_Dataset content_
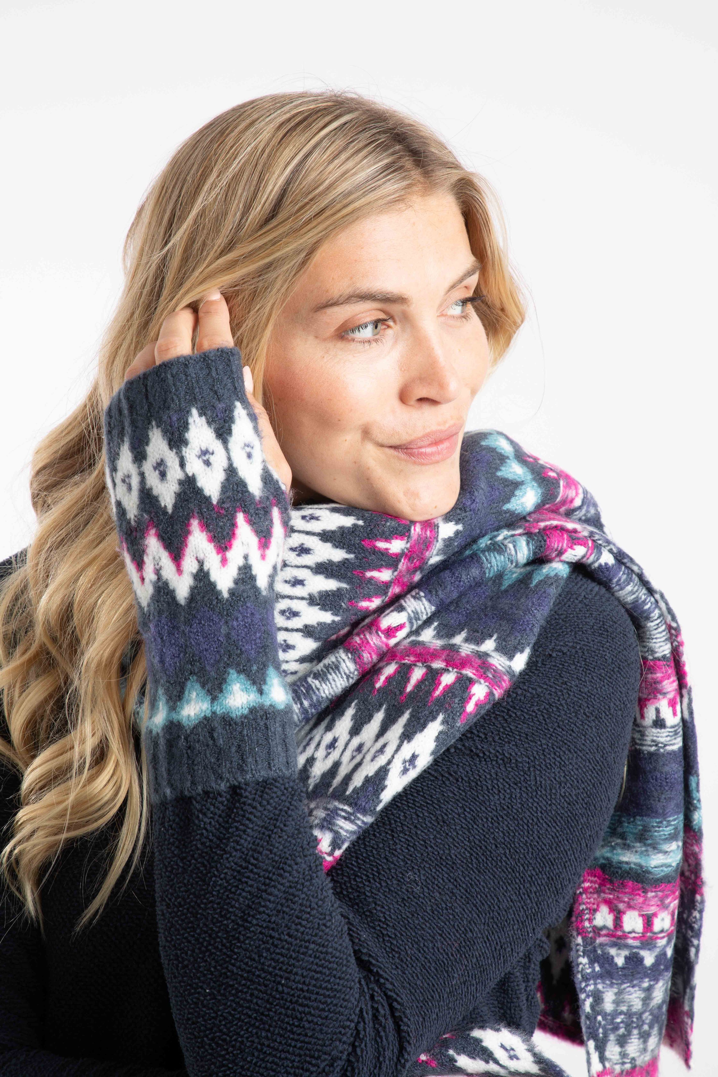 The warmth of a glove but with more freedom for your fingers. The Shutt Fair Isle Wrist Warmers are fun and cosy, match them with our Heathfield scarf for a full Fair Isle fest!
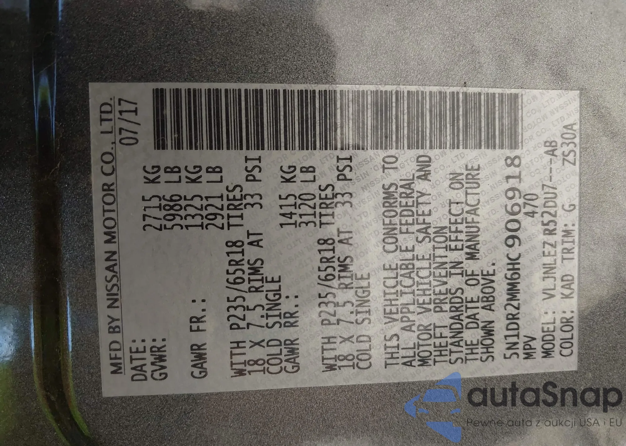 VIN: 5N1DR2MM6HC906918
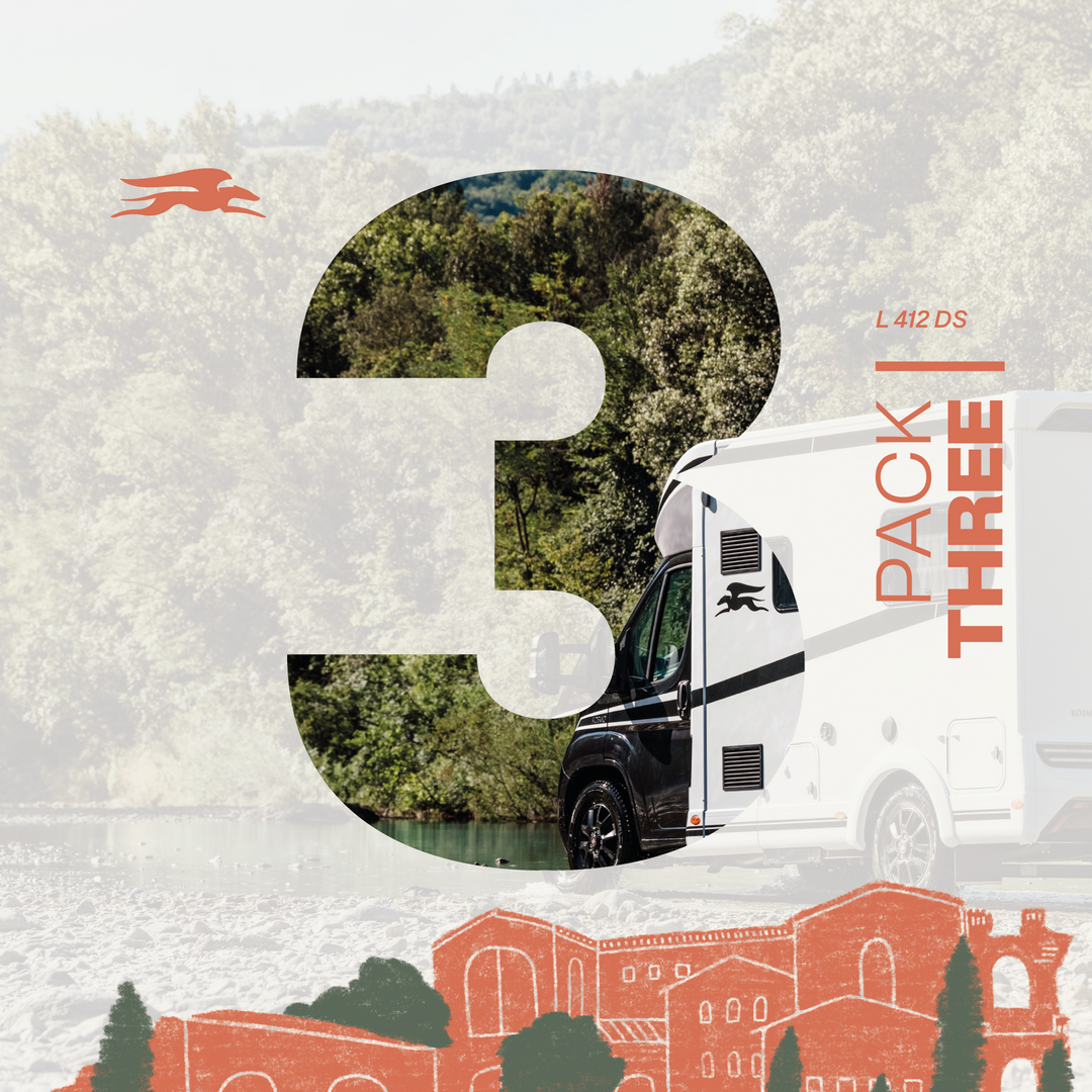Pensato per il modello Kosmo L 412 DS, il Pack Three include tutti gli accessori del Pack Two e aggiunge un letto posteriore elettrico regolabile in altezza, che offre flessibilità nell’uso dello spazio interno e comfort personalizzato per ogni esigenza.

_What the exercise asks_
Line for line, retype the material exactly, omitting any pictures.

_Exercise response_
 The warmth of a glove but with more freedom for your fingers. The Shutt Fair Isle Wrist Warmers are fun and cosy, match them with our Heathfield scarf for a full Fair Isle fest!
 VIN: 5N1DR2MM6HC906918
Pensato per il modello Kosmo L 412 DS, il Pack Three include tutti gli accessori del Pack Two e aggiunge un letto posteriore elettrico regolabile in altezza, che offre flessibilità nell’uso dello spazio interno e comfort personalizzato per ogni esigenza.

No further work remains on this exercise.